I was actually paying attention for once when Roarke described the fantasies, but I still had to re-watch the “Voodoo” intro because there were so many characters involved, and I’m still not exactly sure how any of it made sense.

I read a while ago that they purposely made each fantasy separate so that they could run the series in half-hour slots in syndication, and I could definitely tell in the other seasons that that was the case. But these early episodes must have been harder to chop up, because there’s more overlap. During the intro to the kids’ fantasy, Roarke explains that they paid $51. When the Shanes come off the plane, Tattoo says something like “are they paying full price?” but that line wouldn’t work as well if you didn’t see the bit before it.

The kids’ fantasy reminds me of The Parent Trap when the girls were trying to trick their mom into coming on the camping trip with their dad instead of Meredith. I haven’t seen the original, but it looks like there’s a camping trip in the original too, so this story is probably a play on that.

Ah! That house! I haven’t seen that house in a long time. I wonder where it is in real life.

Hang on. So they’re trying to help this girl who has amnesia (didn’t we just have that story a few episodes ago?), so they’ve recreated the house where she grew up… but how could they recreate the house if she doesn’t remember it? And why do the Shanes remember what the house looked like? Okay, I’m watching the intro again.

Alright, so there’s Mr. and Mrs. Shane. He’s a lawyer, so they’re rich, and they’re paying full price for their fantasy. But, Mr. Shane has one problem: Miss Jane Howell. She suffered amnesia when she was 13. She’s here with her fiance, Bill Jordan. This is Mr. Shane’s fantasy; he wants to find out who Jane is. “She might be the long-missing daughter of a rich rubber plantation owner named Jonathan Connors.” If she is, Mr. Shane will give her $30 million.

Yeah, no, that definitely doesn’t make sense. They didn’t explain what the Shanes have to do with Howell and Jordan, or what anybody has to do with Connors.

The house is a recreation of the Connors’ house, and apparently, Jane grew up there. Connors is dead. I have so many questions still, but I’m going to keep watching and maybe they’ll go away.

Roarke: The jeeps will return for you on Monday morning.

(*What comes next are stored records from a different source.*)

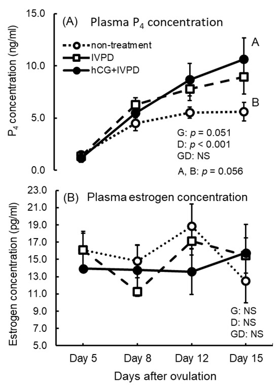 The results are shown in Figure 2. For plasma P4 concentration, the day effect was significant (p < 0.001) and the treatment effect showed a tendency (p = 0.051), and there were no differences in the treatment-by-day interaction. The plasma P4 concentration in the hCG + IVPD group tended to be higher than that in the non-treatment group on Day 15. No differences were observed for day effect, treatment effect, and the treatment-by-day interaction in plasma E concentrations.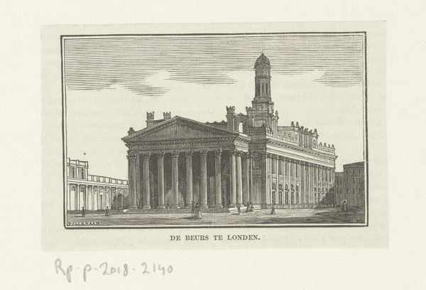 Curator: I'm drawn to the sense of scale and atmosphere in this 19th-century print. Titled "Gezicht op St Paul's Cathedral, te Londen," or "View of St Paul's Cathedral in London," it's attributed to an anonymous artist. Editor: My immediate thought is the incredible precision and control achieved using etching and engraving. Look at those delicate lines capturing the massive stone facade! You can almost feel the weight of the materials. Curator: The cathedral becomes a symbol here. Rebuilt after the Great Fire of London, it embodies resilience, the enduring power of faith, and, on a wider level, civic pride. Even in the midst of Romanticism, Neoclassical order projects dominance. Editor: Absolutely. Consider the labor involved—the craftsmanship necessary to produce such detailed lines and repetitive architectural elements. These prints, though often seen as "lesser" art, represent immense skill and are by no means easily reproduced. We should really consider these under-recognized art forms. Curator: Note the figures in the foreground—they accentuate the size of the building. It really enhances the sublime presence of the cathedral. Their dress also places it within a specific historical and cultural moment, creating a scene of quotidian London life with this backdrop of permanence. Editor: I'm also thinking about the dispersal of information—this was a pre-photographic means of distributing knowledge, especially to those who might never see the real structure in person. An engraving, then, functioned as an accessible representation of British identity and ingenuity. Curator: This makes me think about the transmission of ideals through images. Beyond national pride, consider the propagation of architectural principles, as neoclassicism shaped not only Britain, but European and American thought, creating a visual lingua franca, literally engraved here for prosperity. Editor: Seeing St. Paul’s represented in this way underscores how deeply tied cultural landmarks are to methods of production and broader systems of labor. A stone here may well represent countless hours of skilled handiwork and an often neglected understanding of making and materials. Curator: So, what seems like a mere rendering speaks volumes about societal values embedded within architectural representation. It also speaks volumes about its continued role within Britain's psyche. Editor: Indeed. It's in carefully studying these works of “applied” art we can appreciate the relationship between craftsmanship and national identity.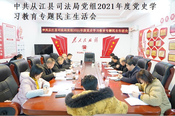 清风网讯(从江县司法局:吴庆)2022年1月27日上午,从江县司法局召开2021年度党史学习教育专题民主生活会。会议由党组书记、局长严铭同志主持,班子成员及机关股室负责人参加会议,会议邀请县委第七指导组长陈岗、成员马社忠、县委政法委副书记韩青林到会指导。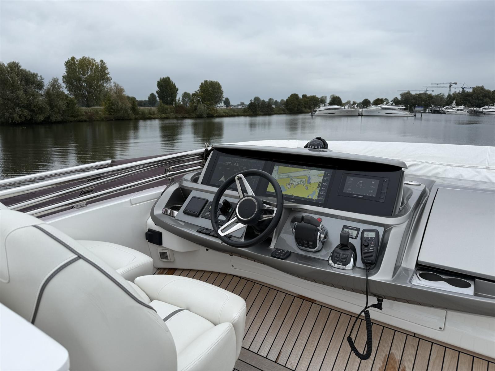 • Comando a joystick Volvo (doppia stazione) con manovra a bassa velocità in "docking mode" e sterzata a qualsiasi velocità in "driving mode". Aziona motori, timoneria e propulsore/i di poppa, compresa l'elica di poppa (elica di prua aggiornata a 210 KgF con velocità variabile)

Ahh, I think this is the first time they’ve specifically mentioned a day of the week. So there we go; the guests do get the full day Sunday as part of their fantasy, and the final scene takes place on Monday — assuming all fantasies follow the same schedule. I know we will never get an episode like this, but I really really wanna know what they do on Fantasy Island during the week. I was googling stuff the other day and found there’s a Fantasy Island board game, and that got me thinking about making a Fantasy Island computer game, which, if I ever did, it would at least include some of the weekdays and tracking down guests and organizing events to take place on the island and recreating childhood homes.

Anyway. I still don’t get how the Shanes know Howell and Jordan. I guess they must have been Connors’ neighbours or something, since they recognized the Connors house. Or maybe they’re just a random couple who learned about this missing girl, and they’ve done lots of research on this mystery.

Evil Stepmother Grace Arnold: I knew there was something strange about a children’s camp that required the parents to visit. I mean, real camps are so parents can get rid of kids!

Omg, why is he killing the snake, wtf. That was completely unnecessary.

Miss Hogan: How can a girl choose between Robert Redford and Burt Reynolds?

I wish they’d continued with this gag, having random guests show up in the middle of the episode for no reason.

Tattoo: Boss, how do you do it?
Roarke: How… indeed…

What does that even mean.

Okay, so we already know it doesn’t rain or snow on Fantasy Island. What if Fantasy Island is Risa.

Tattoo: Do you have any idea how much it costs to rent a bear these days?

It sounds like Mr. Shane was Mr. Connors’ lawyer. But I still don’t know how he found Jane.

This girl is way, way too excited after she found her dead dog’s casket.

Ohhhh, okay, so that’s why Mr. Shane wants to give her the money; Mr. Connors left his fortune to his daughter, and Mr. Shane has been trying to find her so he can give her her inheritance. Maybe this is obvious and I’m just an idiot, but I kinda wish they’d just explained that upfront. I still don’t know how Shane found Jane though.

So Roarke basically kidnapped Jane and drove off.

Wow, okay, I stopped paying attention for a minute, and then suddenly Roarke comes running in all dishevelled and his suit torn up. He’s obviously acting, because why would Roarke let anyone do that to him, but it’s weird to see Roarke like… weak and vulnerable.

Roarke: They killed her.

Wat.

Ooh, the fiance is evil! I didn’t see that coming! Late Fantasy Island had no twists, so I don’t expect them here.